▸ **Assignment**:
Print the records below exactly, omitting all pictures.

#### Input for this task ####

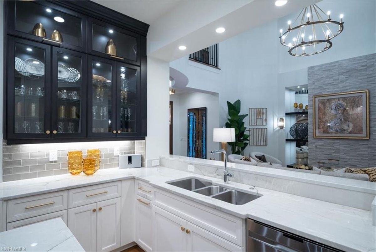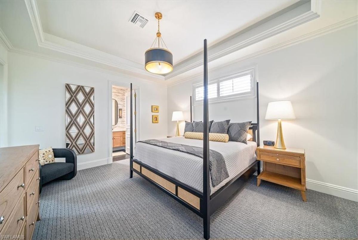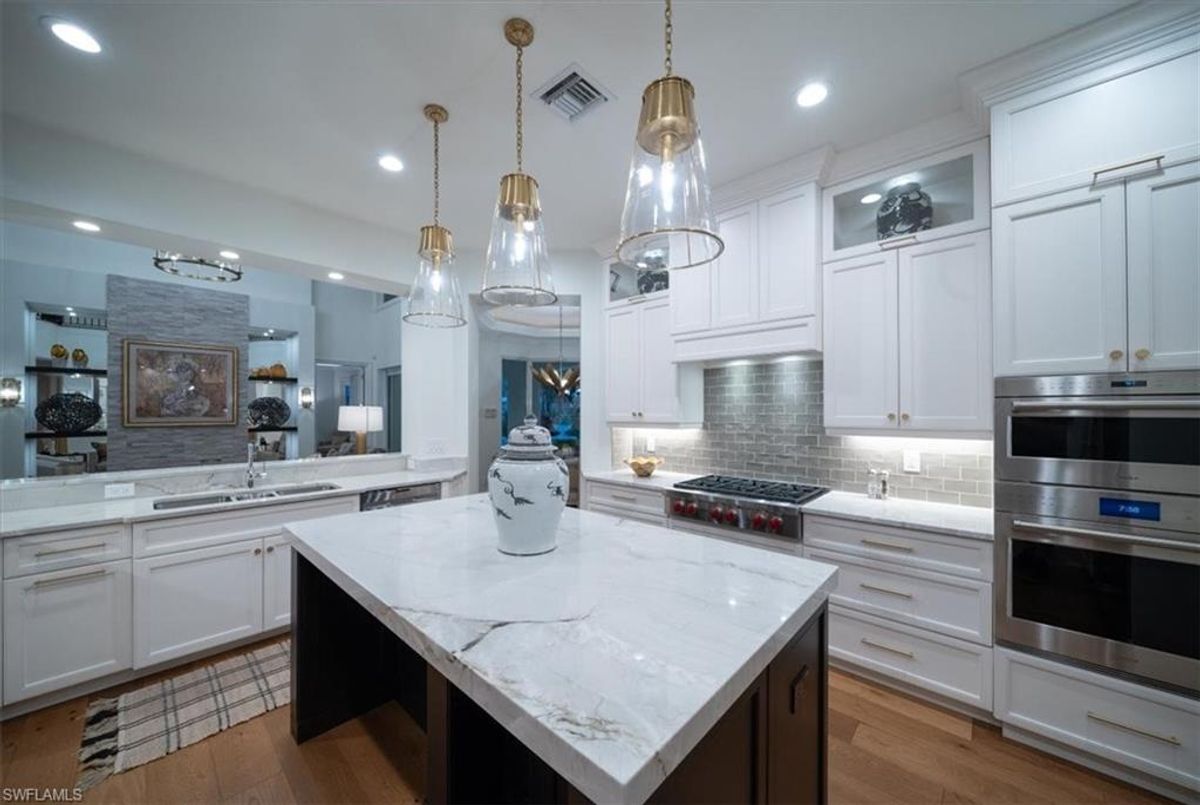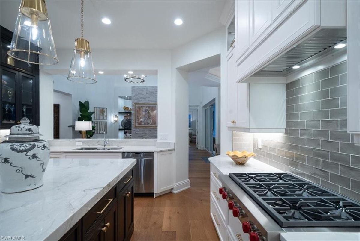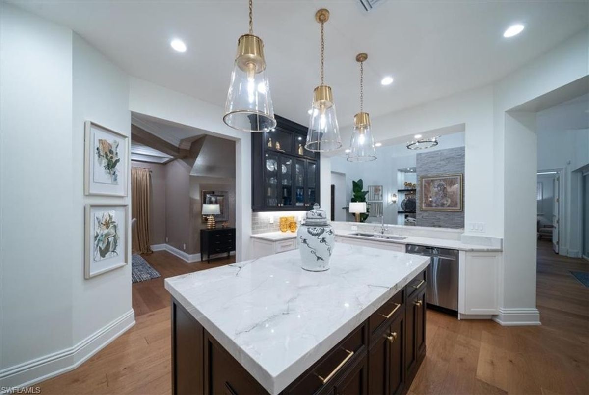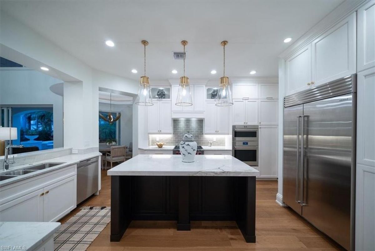 Prepare to be amazed by this exquisite, fully furnished, and remodeled British Cayman inspired haven, just moments from the breathtaking Gulf of Mexico beaches! Positioned a mere three blocks from the shoreline, this luxurious 2-story residence with 4 bedrooms and 3 full and 2 half baths epitomizes the pinnacle of luxury living in Naples. Take a leisurely stroll just five blocks south to immerse yourself in the world-class shopping and dining experiences of 5th Ave S. As you approach, be captivated by the circular paved driveway and meticulously designed landscaping that elevate the curb appeal of this magnificent manor-style home. Enter through the custom Mahogany wood front doors of 33 3rd St and step into a grand yet welcoming great room that offers stunning views of the pool and tropical terrace. The ground floor primary suite features two walk-in closets and a lavish Master Bath. For those passionate about culinary excellence, the spacious gourmet kitchen showcases high-quality appliances, including a gas stove top, complemented by an outdoor kitchen. With ample space for entertaining, this home also boasts a heated pool and spa in your private backyard oasis, perfect for enjoying when you're not soaking up the Florida sunshine at the beach. With its sophisticated light neutral palette, French oak flooring, Anderson impact windows & doors, impeccable designer finishes and fixtures, and undeniable charm, this home is a true masterpiece waiting to be uncovered and cherished. In addition this home did not sustain any water issues from Ian or Milton.
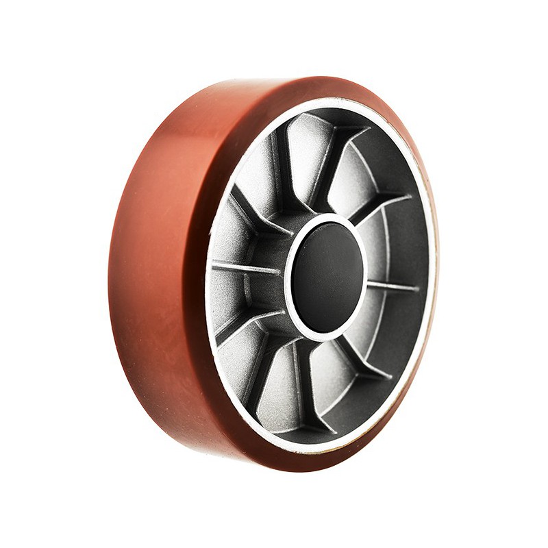 Polyurethan ist ein hochleistungsfähiges synthetisches Material mit niedrigem Geräuschpegel. Die Widerstandsfähigkeit gegen Abrieb, Schnitte und Risse erhöht die Leistung von Polyurethan-Hubwagenrädern erheblich - ein großer Vorteil.
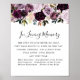 A wedding memorial sign that can be placed on a table display. It features a deep purple and mauve pink roses, a memorial sentiment and then a list of those to be remembered.
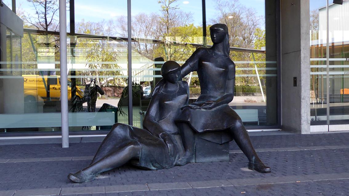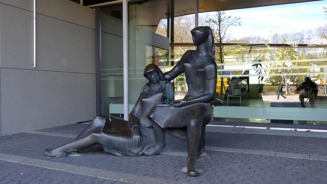 Die plastische Gruppe besteht aus zwei sitzenden, weiblichen Figuren. Durch die unterschiedlichen Kopfhaltungen und Beinausrichtungen ist das Ensemble von einer verhaltenen Lebendigkeit erfüllt. Der Künstler studierte bis 1934 an der Landeskunstschule bei Christoph Voll, der Vorläufereinrichtung der Staatlichen Akademie der Bildenden Künste Karlsruhe. Der Figurenstil ist gegenständlich mit abstrahierenden Vereinfachungen, wie er typisch ist für die Skulptur der Nachkriegszeit.
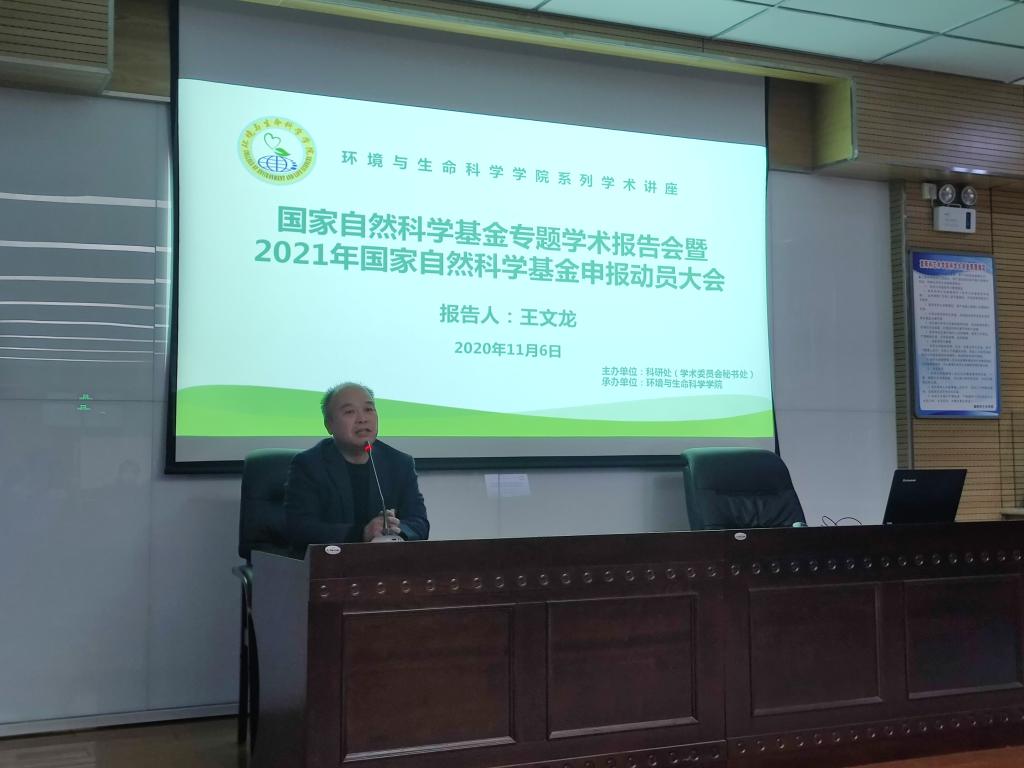 11月6日下午,best365举办“国家自然科学基金专题学术报告会暨2021年国家自然科学基金会申报动员大会”。会议由科学研究处主办、环境与生命科学学院承办。邀请中国科学院、西北农林科技大学王文龙研究员作培训报告。副校长卢爱刚出席会议,环境与生命科学学院院长吴逸群主持会议。

####

▸ **Response to this exercise**:
 Prepare to be amazed by this exquisite, fully furnished, and remodeled British Cayman inspired haven, just moments from the breathtaking Gulf of Mexico beaches! Positioned a mere three blocks from the shoreline, this luxurious 2-story residence with 4 bedrooms and 3 full and 2 half baths epitomizes the pinnacle of luxury living in Naples. Take a leisurely stroll just five blocks south to immerse yourself in the world-class shopping and dining experiences of 5th Ave S. As you approach, be captivated by the circular paved driveway and meticulously designed landscaping that elevate the curb appeal of this magnificent manor-style home. Enter through the custom Mahogany wood front doors of 33 3rd St and step into a grand yet welcoming great room that offers stunning views of the pool and tropical terrace. The ground floor primary suite features two walk-in closets and a lavish Master Bath. For those passionate about culinary excellence, the spacious gourmet kitchen showcases high-quality appliances, including a gas stove top, complemented by an outdoor kitchen. With ample space for entertaining, this home also boasts a heated pool and spa in your private backyard oasis, perfect for enjoying when you're not soaking up the Florida sunshine at the beach. With its sophisticated light neutral palette, French oak flooring, Anderson impact windows & doors, impeccable designer finishes and fixtures, and undeniable charm, this home is a true masterpiece waiting to be uncovered and cherished. In addition this home did not sustain any water issues from Ian or Milton.
 Polyurethan ist ein hochleistungsfähiges synthetisches Material mit niedrigem Geräuschpegel. Die Widerstandsfähigkeit gegen Abrieb, Schnitte und Risse erhöht die Leistung von Polyurethan-Hubwagenrädern erheblich - ein großer Vorteil.
 A wedding memorial sign that can be placed on a table display. It features a deep purple and mauve pink roses, a memorial sentiment and then a list of those to be remembered.
 Die plastische Gruppe besteht aus zwei sitzenden, weiblichen Figuren. Durch die unterschiedlichen Kopfhaltungen und Beinausrichtungen ist das Ensemble von einer verhaltenen Lebendigkeit erfüllt. Der Künstler studierte bis 1934 an der Landeskunstschule bei Christoph Voll, der Vorläufereinrichtung der Staatlichen Akademie der Bildenden Künste Karlsruhe. Der Figurenstil ist gegenständlich mit abstrahierenden Vereinfachungen, wie er typisch ist für die Skulptur der Nachkriegszeit.
 11月6日下午,best365举办“国家自然科学基金专题学术报告会暨2021年国家自然科学基金会申报动员大会”。会议由科学研究处主办、环境与生命科学学院承办。邀请中国科学院、西北农林科技大学王文龙研究员作培训报告。副校长卢爱刚出席会议,环境与生命科学学院院长吴逸群主持会议。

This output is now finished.